Middle-age men who have been drinking an average of three or more drinks daily risk a faster mental decline as they age, according to a new study The Washington Post reported.
Researchers found that over a decade men who drank heavily showed a faster decline in cognitive function than in lighter drinkers. The same effect was not seen in women.
For the study, researchers analyzed 5,000 British civil servants. They found that over the course of 10 years, the added mental decline was "the equivalent of about two extra years of aging for a combined measure of mental abilities like reasoning, and about six years for memory," The Washington Post reported.
Researchers calculated the men's average daily intake of alcohol for the decade up to when they were an average of 56 years old. They tracked the decline in mental abilities over the course of a decade from tests administered every five years.
There were three tests. One tested inductive reasoning.
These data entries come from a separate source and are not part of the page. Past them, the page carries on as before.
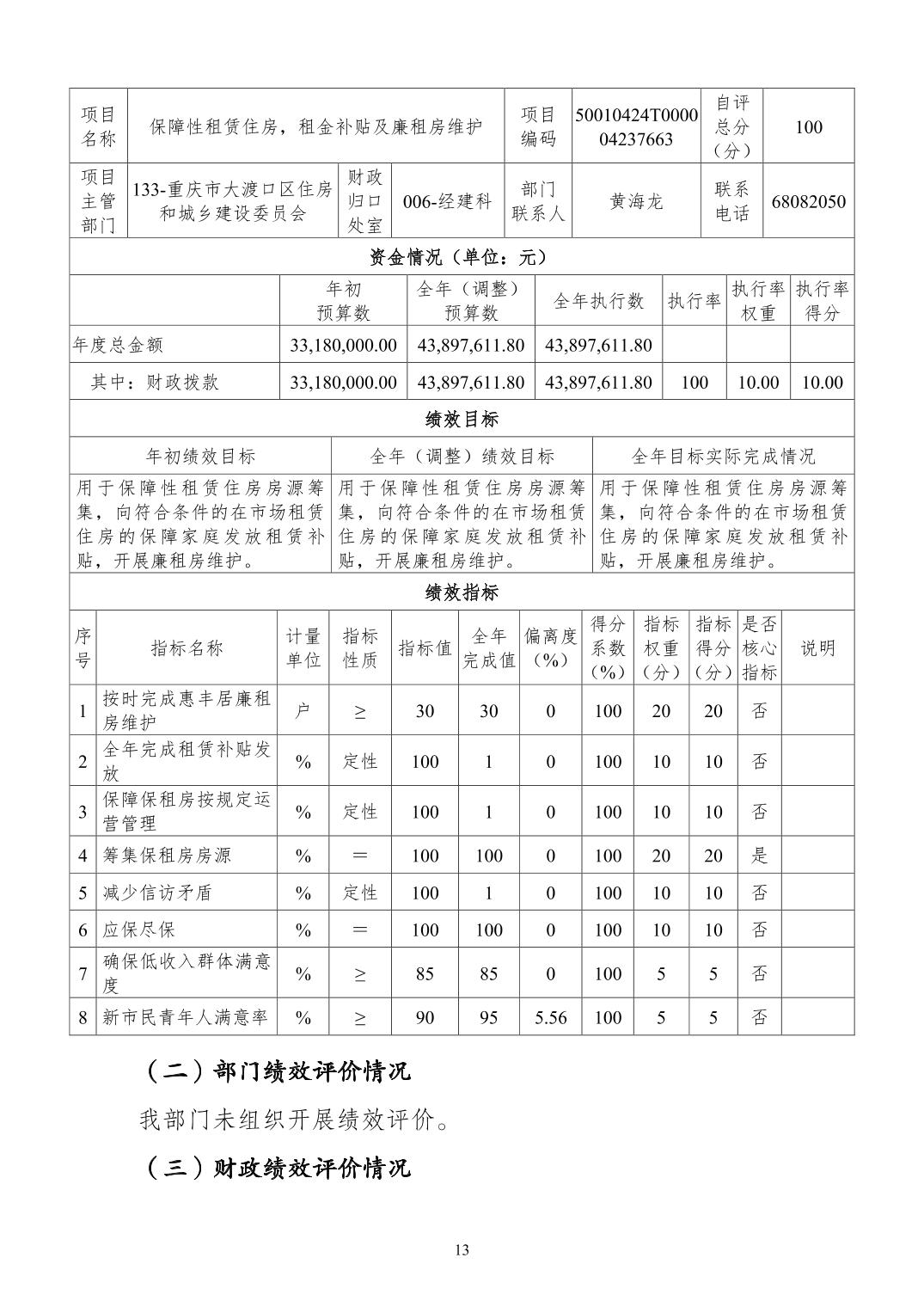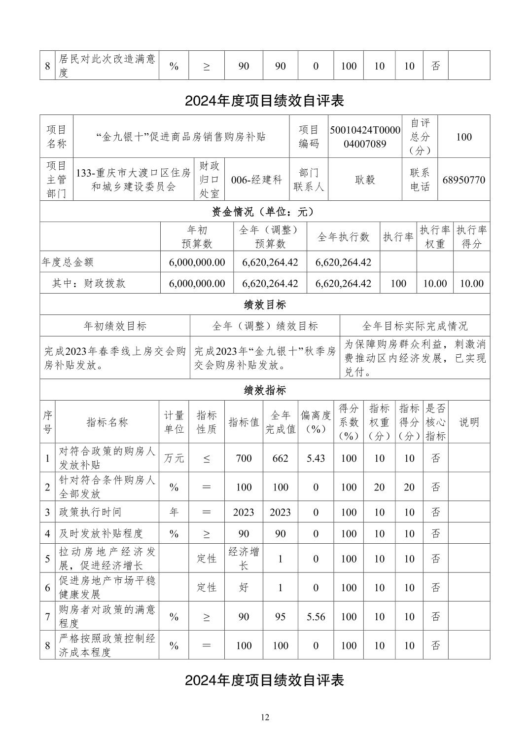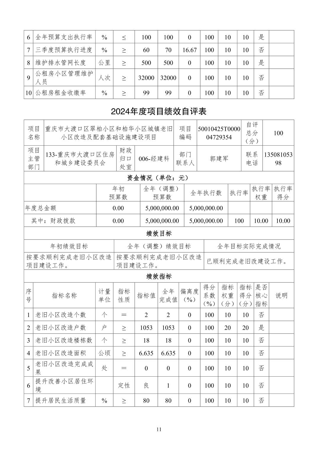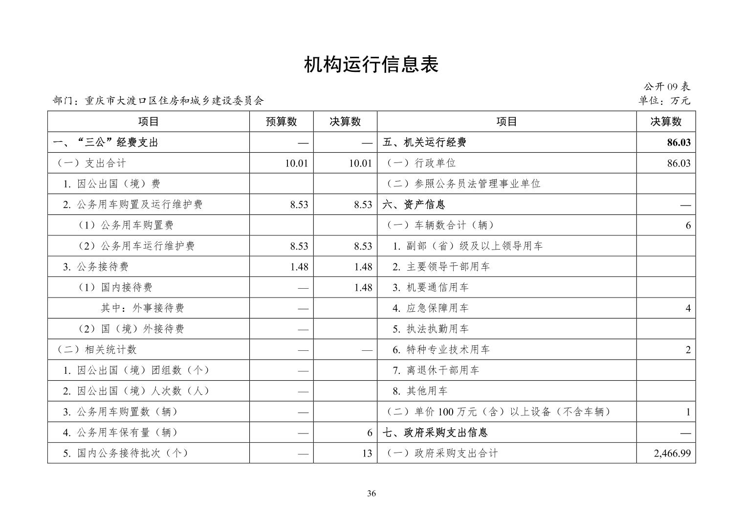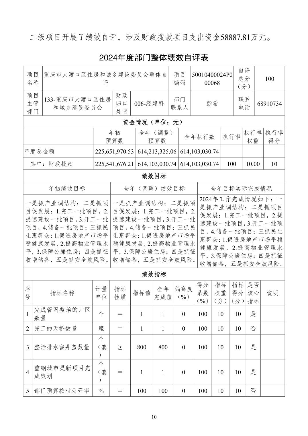 重庆市大渡口区住房和城乡建设委员会 2024 年度决算公开说明
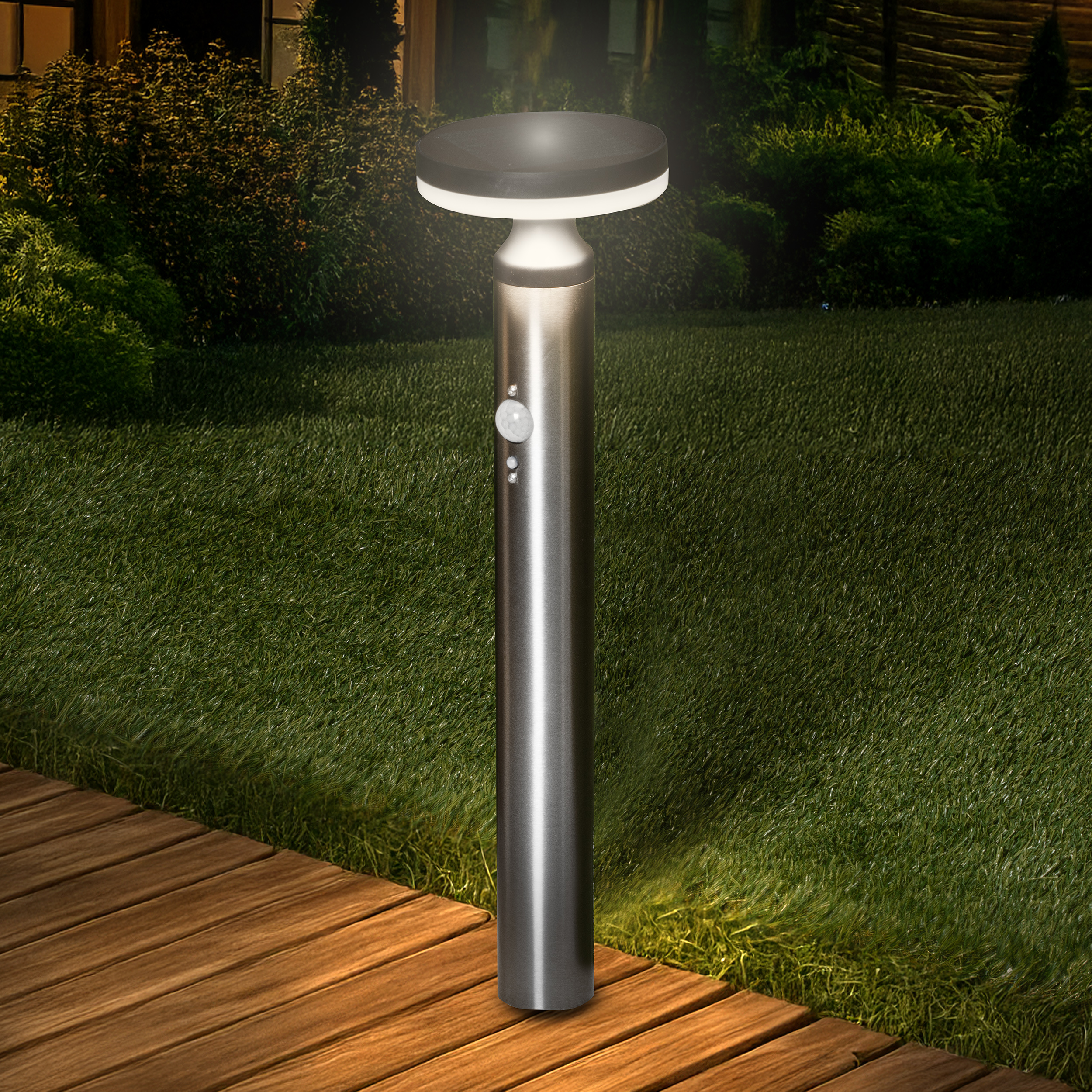 sorgen für eine optimale und gleichmäßige Lichtverteilung um die Leuchte herum. Unsere LEDs zeichnen sich besonders durch Langlebigkeit, geringe Leistungsaufnahme und hohe Leuchtkraft aus. Das monokristalline Solarmodul im „Full Black“-Design ist hinter Glas verbaut In dem Solarmodul an der Oberseite finden leistungsstarke, monokristalline und handverlesene Solarzellen ihren Platz. Das „Full Black“-Design des Solarmoduls rundet das zeitlos moderne Design der Leuchte ab. Wetterfest hinter Glas eingebettet, sorgt das Solarmodul auch bei schlechter Sonneneinstrahlung für bestmögliche Nachladung und einen ungetrübten Einsatz das ganze Jahr über. Langlebiger Lithium-Eisen-Akku Lithium-Eisenphosphat-Akkus sind aktuell die beste Möglichkeit zur Speicherung von Solarenergie. Sie zeichnen sich insbesondere durch ihre hohe Zyklenfestigkeit und ihren hohen Ladewirkungsgrad aus. Bei richtiger Handhabung haben sie eine Lebensdauer von mehreren Jahren. Selbstverständlich kann der Akku am Ende seiner Lebensdauer durch einen neuen ersetzt werden. Massive Edelstahlausführung Die Solarleuchte besitzt ein massives Standrohr aus 50 mm starkem, natürlichem Edelstahl. Dieser verleiht der Leuchte eine besonders gute Standfestigkeit bei langer Lebensdauer. Die Montage kann entweder über einen 16 cm langen Erdspieß oder eine Kunststoffhalterung mit zwei Schrauben erfolgen. Zwei Schrauben mit Dübel sind im Lieferumfang enthalten. |
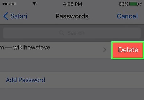 Tap Delete. Safari will no longer retain the login information for that password entry. The next time you try to log into that website, you'll have to enter your username and password credentials. Repeat steps 5 and 6 for any additional passwords you want to remove.
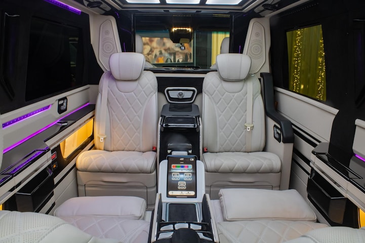 Vier Mercedes-Captain-Chairs, davon zwei mit Beinauflage, laden zum ultimativen Komfort ein. Sitzheizung, Belüftung und drei Massageprogramme sorgen dafür, dass jede Fahrt entspannend wird. Elektrisch ausfahrbare Tische, eine Nespresso-Bar und eine Whiskybar machen den Innenraum modular und funktional – alles vom Sitz oder per iPad steuerbar.
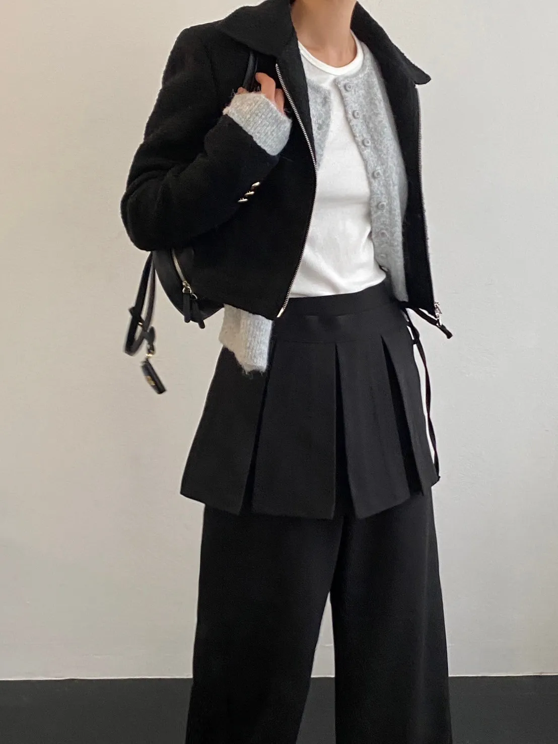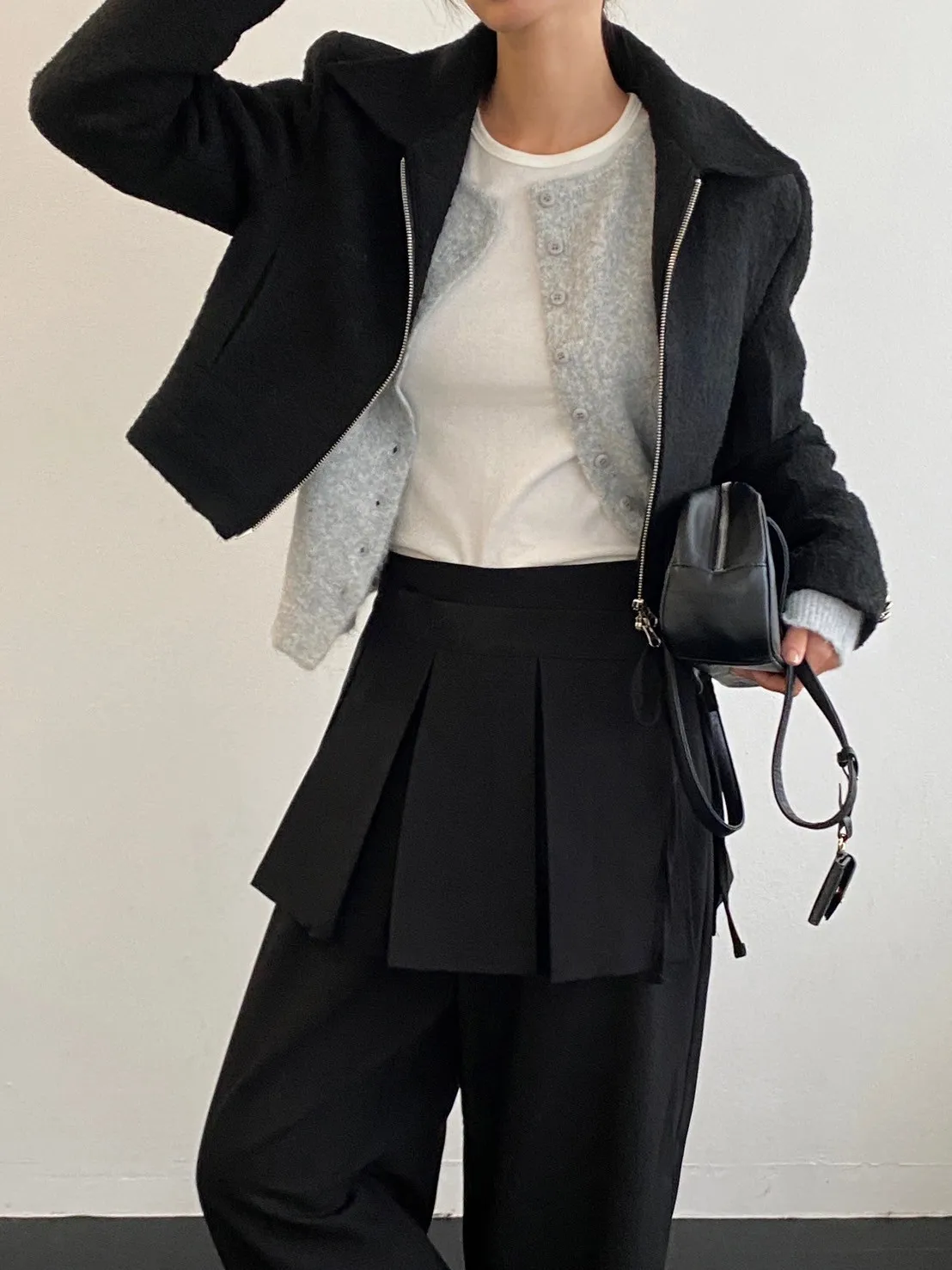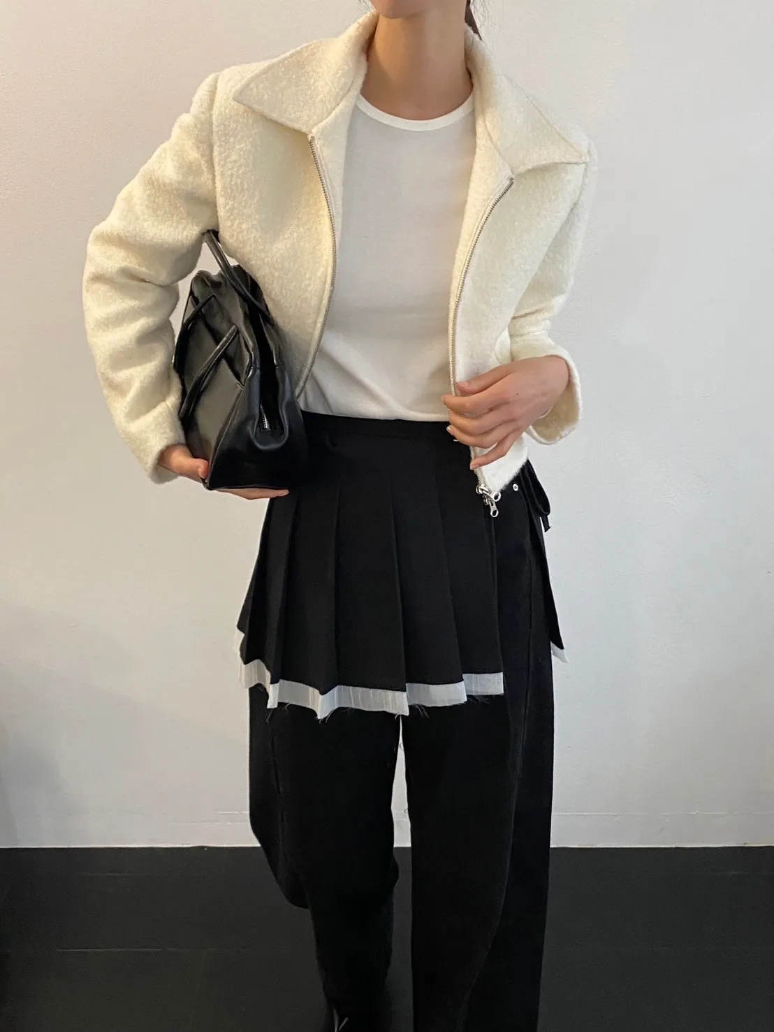 PC471最顯瘦羊毛拉鍊短版外套 米 黑 官網價$1750 線上價$1720
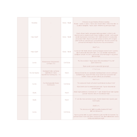 Murakka - Sülüs - Nesih Kıtalar 1 sülüs, 2 nesih, 1 sülüs satır düzenindedir. Koltuk kısımları ve
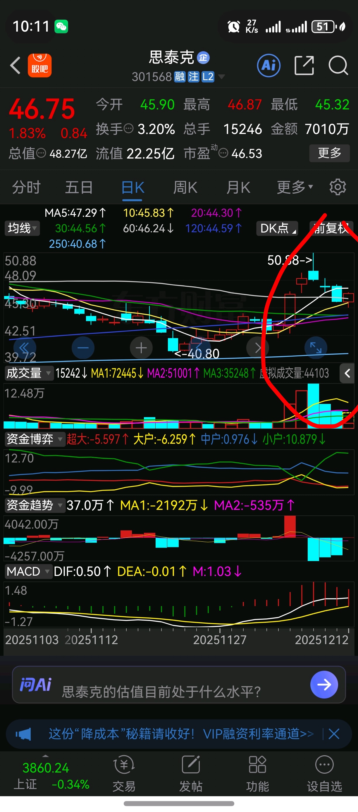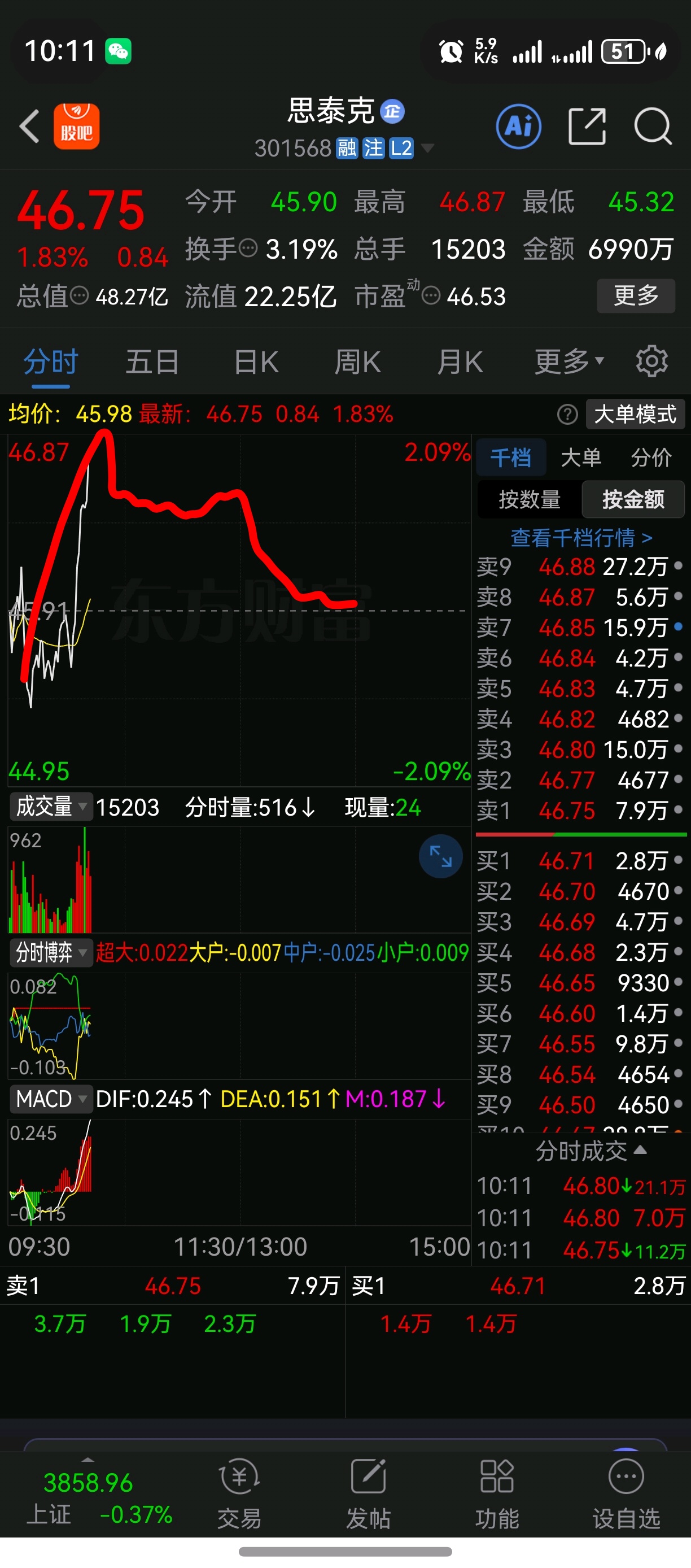 $思泰克(SZ301568)$ 这票就是个跟风也算不上的纯后排,现在的阶段就是辨识度抱团,只有那些热门股,高辨识度的票,才能有大资金愿意去接力,这种无人关注的票,只会在龙头涨十几个点后冲高两三个点,然后再回落到原点,就是以套人为主。没任何操作价值。
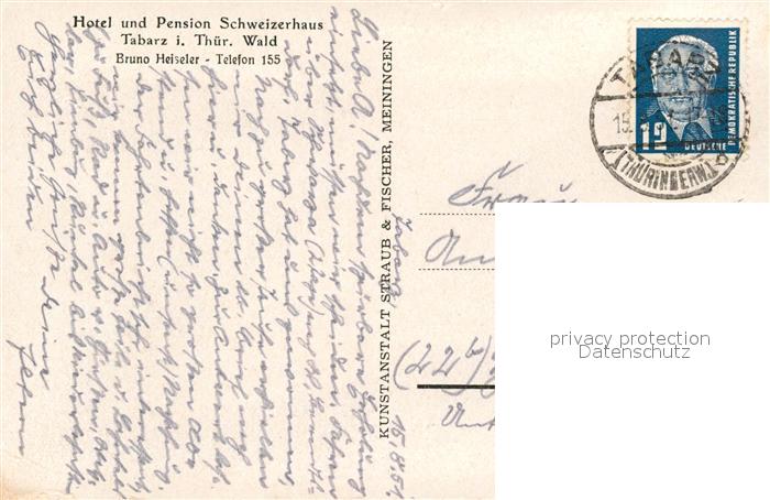 73195122 alte Postkarte Tabarz Hotel Pension Schweizerhaus postalisch gelaufen Erhaltung siehe scans [WerneD78] KatCode: 11110016067064
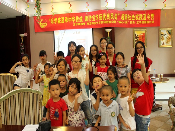 “乐学盛夏承中华传统•师传宝华扬优良风尚”暑期社会实践夏令营第四次来到句容市宝华镇新城社区,继续帮助孩子们遨游于中华文化的海洋中。“师心小筑团队”在今天的课堂里向孩子们介绍了中国的传统节日的由来和习俗,使孩子们充分了解了中华民族悠久的历史文化。除此之外,“师心小筑团队”还为孩子们带来了生动有趣的一堂“江湖化学”,让孩子们在自己动手实验的过程中学习到奇妙化学现象背后的原理。
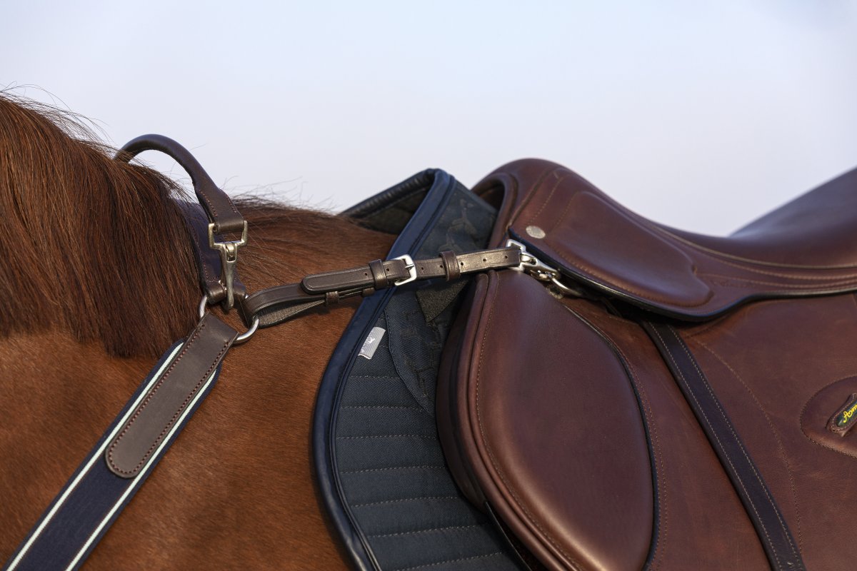 Horseware Micklem®-förbygel och martingal är tillverkat i kvalitetsläder med slitstarka elastiska sektioner. Avtagbara D-ringsremmar för att erbjuda mångsidig användning som martingal eller brösta. Det finns maximala justeringsmöjligheter på sidorna av halsen, en rem under magen och en avtagbar martingal-fäste för att skapa en åtsittande, pålitlig och skräddarsydd passform vid användning. 3-punktsdesignen ger din häst större rörelsefrihet runt bogen under hoppning.
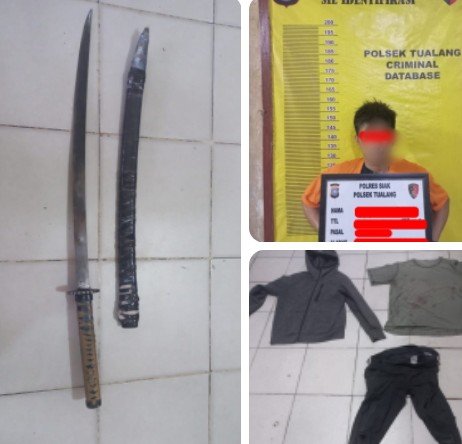 PerawangLintaswartakrimsus.com. Aksi penganiayaan brutal terjadi di Jalan Balik Pipa Caltex, Kelurahan Perawang, Kecamatan Tualang, Kabupaten Siak, Selasa (21/10/2025) sekira pukul 00.30 WIB. Seorang pria bernama Gusti Adiningrat Simangunsong mengalami luka berat setelah dibacok menggunakan senjata tajam jenis samurai oleh pelaku berinisial TA alias T (27), warga Kampung Tualang, Kabupaten Siak. 24/10/2025.

The second test focused on verbal fluency by writing down as many words beginning with letter "S" they could think of in one minute and the last test assessed the participants short-term verbal memory.
Based on the results, researchers found that men consuming 36 grams of alcohol - about 2.5 drinks - or more per day "was associated with faster cognitive decline in all domains" compared to drinking lesser amounts.
Heavy male drinkers also added 5.7 years of mental decline, meaning that a 60-year-old man had the memory loss expected in a 66-year-old, Séverine Sabia told NBCNews.com.
Researchers found no significant difference in cognitive decline between men who drink moderately and men who abstain from alcohol.
Sara Jo Nixon, a substance abuse researcher at the University of Florida in Gainesville, said although that although the study "suggest that middle-aged to young-old individuals do need to pay attention to what their drinking habits have been, and are," it does not prove that alcohol intake was responsible for the mental decline seen in men.